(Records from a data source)
········

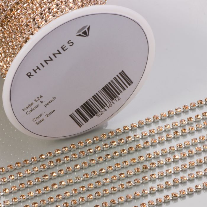 Taśma z kryształkami kolor srebrny lt. peach 2mm
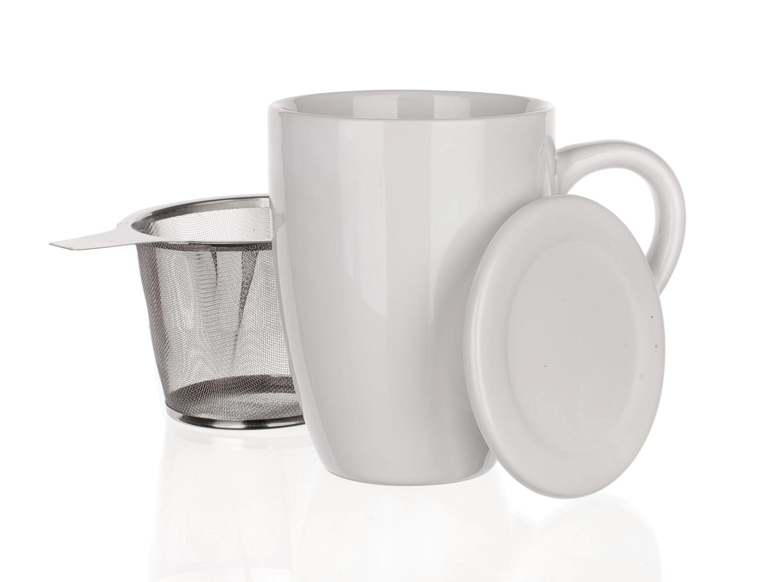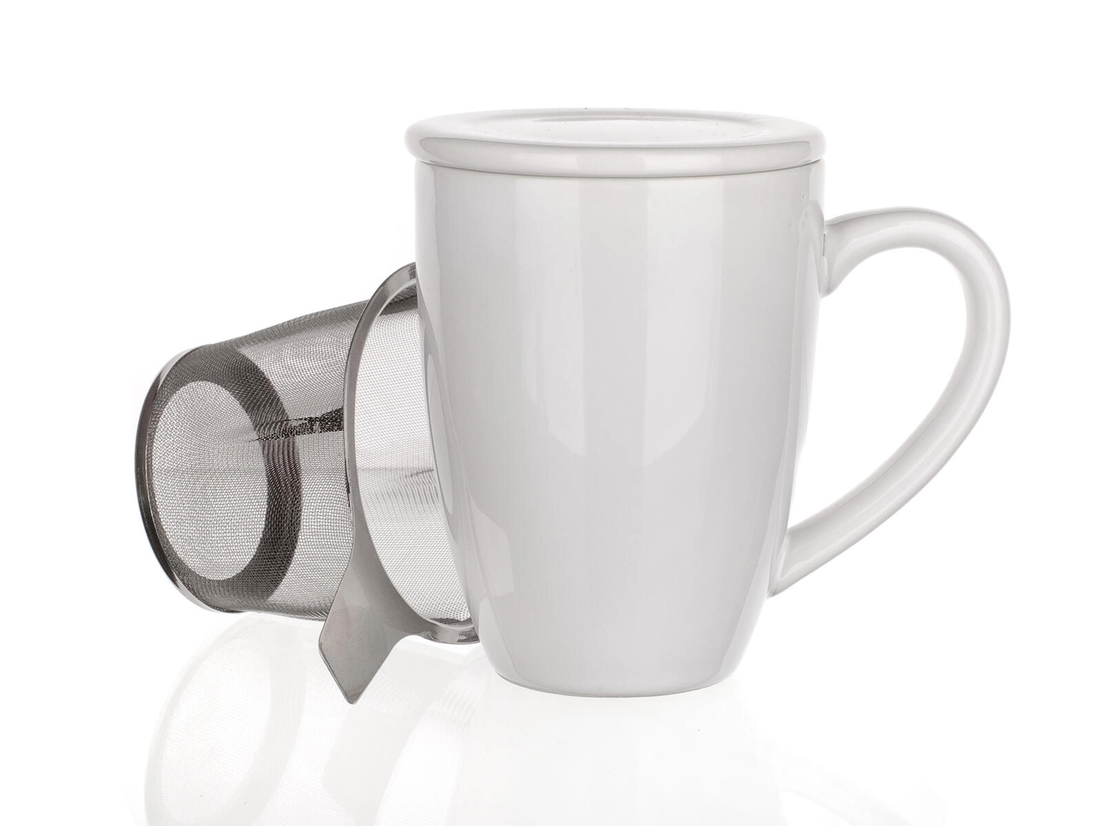 Ten biały ceramiczny kubek o pojemności 350 ml to świetny wybór dla miłośników herbat liściastych. Wyjmowane sitko ze stali nierdzewnej z drobną siatką gwarantuje czysty napar bez zanieczyszczeń, a pokrywka pomaga dłużej utrzymać napój gorący. Po zaparzaniu pokrywkę można wykorzystać także jako praktyczną podstawkę na sitko.
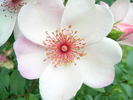 Floribunda, Shrub. Blush to white, red stamens. None / no fragrance. Medium, single (4-8 petals), in large clusters, cupped-to-flat bloom form. Prolific, continuous (perpetual) bloom throughout the season. USDA zone 6b through 9b (default). Height: 2' to 3' (60 to 90cm). Width: up to 4' (up to 120cm). Alain Meilland (1940-....) (2006).
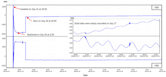 Figure 11 shows the original voltage value curve of the ICT-1 integrated chamber inclinometer after being installed for 3 months. From the curve, it can be seen that the ICT-1 integrated chamber inclinometer is also affected by temperature. After the equipment was installed on 15 July 2023, it first experienced significant drift. However, due to its small size and fast heat exchange, the drift slowed down after 10 h of installation, and a clear trend of solid tide can be observed, and the coseismic response can be recorded. On 16 July, the observers remotely zeroed the equipment. By 1 August, the observers determined that the drift had basically ended and formal observation could be carried out.
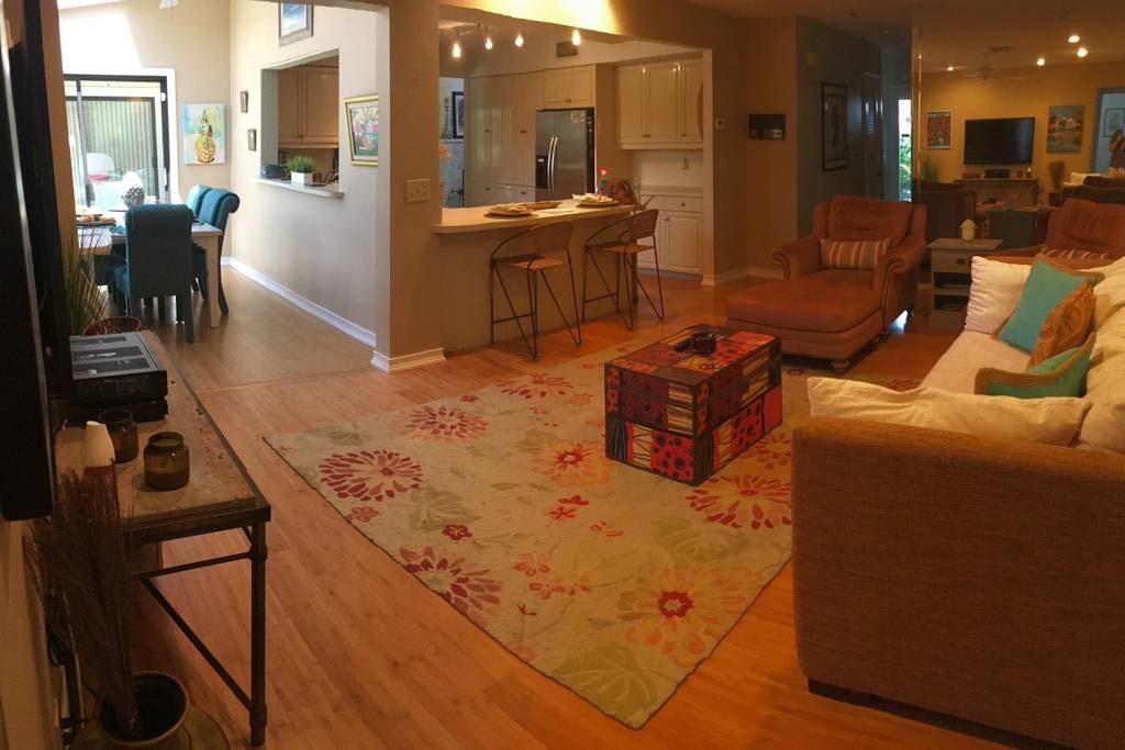 Guests have access to almost the entire home with the exception of the master wing of the home which remains locked at all times. Sleeps 6 adults comfortably.
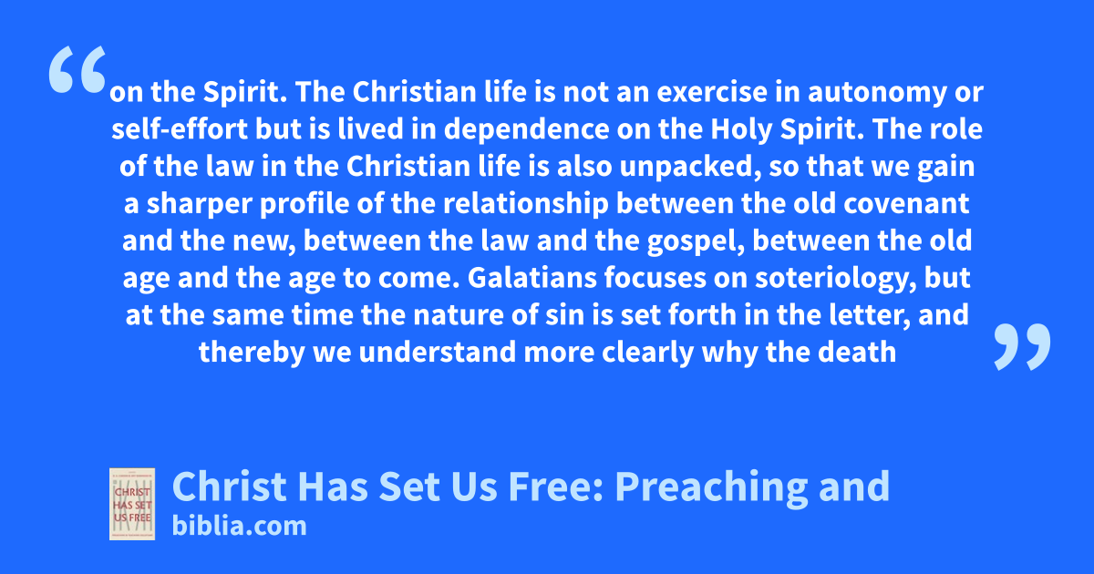 on the Spirit. The Christian life is not an exercise in autonomy or self-effort but is lived in dependence on the Holy Spirit. The role of the law in the Christian life is also unpacked, so that we gain a sharper profile of the relationship between the old covenant and the new, between the law and the gospel, between the old age and the age to come. Galatians focuses on soteriology, but at the same time the nature of sin is set forth in the letter, and thereby we understand more clearly why the death
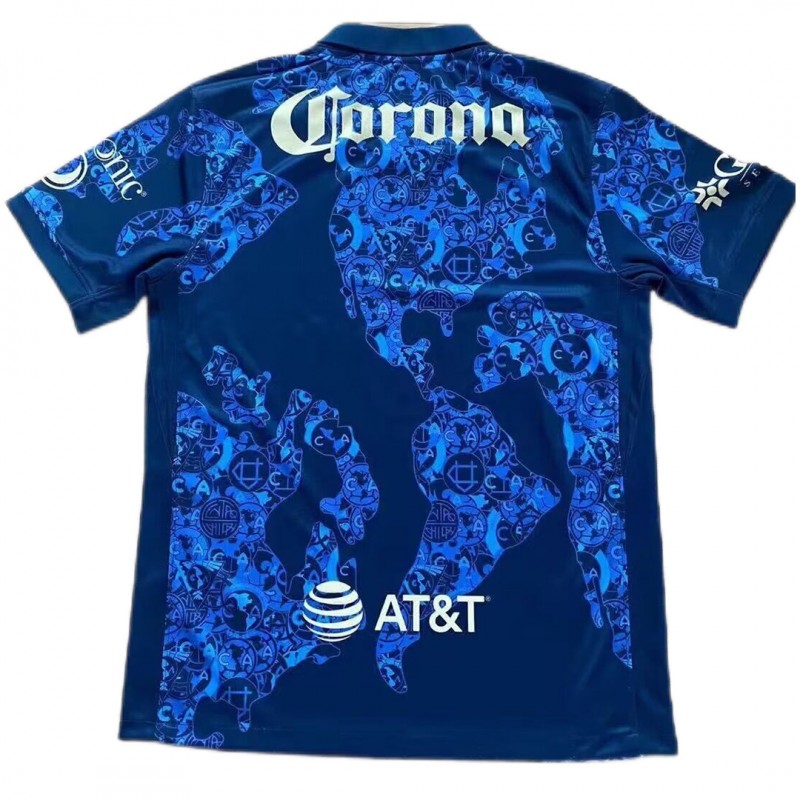 The Club América 2024-25 away jersey is predominantly 'Valerian Blue' with a map of the Americas graphic all over the shirt.

········

AIM OF THE EXERCISE:
Reproduce every line above word for word; no images.

RESPONSE AREA:
 Taśma z kryształkami kolor srebrny lt. peach 2mm
 Ten biały ceramiczny kubek o pojemności 350 ml to świetny wybór dla miłośników herbat liściastych. Wyjmowane sitko ze stali nierdzewnej z drobną siatką gwarantuje czysty napar bez zanieczyszczeń, a pokrywka pomaga dłużej utrzymać napój gorący. Po zaparzaniu pokrywkę można wykorzystać także jako praktyczną podstawkę na sitko.
 Floribunda, Shrub. Blush to white, red stamens. None / no fragrance. Medium, single (4-8 petals), in large clusters, cupped-to-flat bloom form. Prolific, continuous (perpetual) bloom throughout the season. USDA zone 6b through 9b (default). Height: 2' to 3' (60 to 90cm). Width: up to 4' (up to 120cm). Alain Meilland (1940-....) (2006).
 Figure 11 shows the original voltage value curve of the ICT-1 integrated chamber inclinometer after being installed for 3 months. From the curve, it can be seen that the ICT-1 integrated chamber inclinometer is also affected by temperature. After the equipment was installed on 15 July 2023, it first experienced significant drift. However, due to its small size and fast heat exchange, the drift slowed down after 10 h of installation, and a clear trend of solid tide can be observed, and the coseismic response can be recorded. On 16 July, the observers remotely zeroed the equipment. By 1 August, the observers determined that the drift had basically ended and formal observation could be carried out.
 Guests have access to almost the entire home with the exception of the master wing of the home which remains locked at all times. Sleeps 6 adults comfortably.
 on the Spirit. The Christian life is not an exercise in autonomy or self-effort but is lived in dependence on the Holy Spirit. The role of the law in the Christian life is also unpacked, so that we gain a sharper profile of the relationship between the old covenant and the new, between the law and the gospel, between the old age and the age to come. Galatians focuses on soteriology, but at the same time the nature of sin is set forth in the letter, and thereby we understand more clearly why the death
 The Club América 2024-25 away jersey is predominantly 'Valerian Blue' with a map of the Americas graphic all over the shirt.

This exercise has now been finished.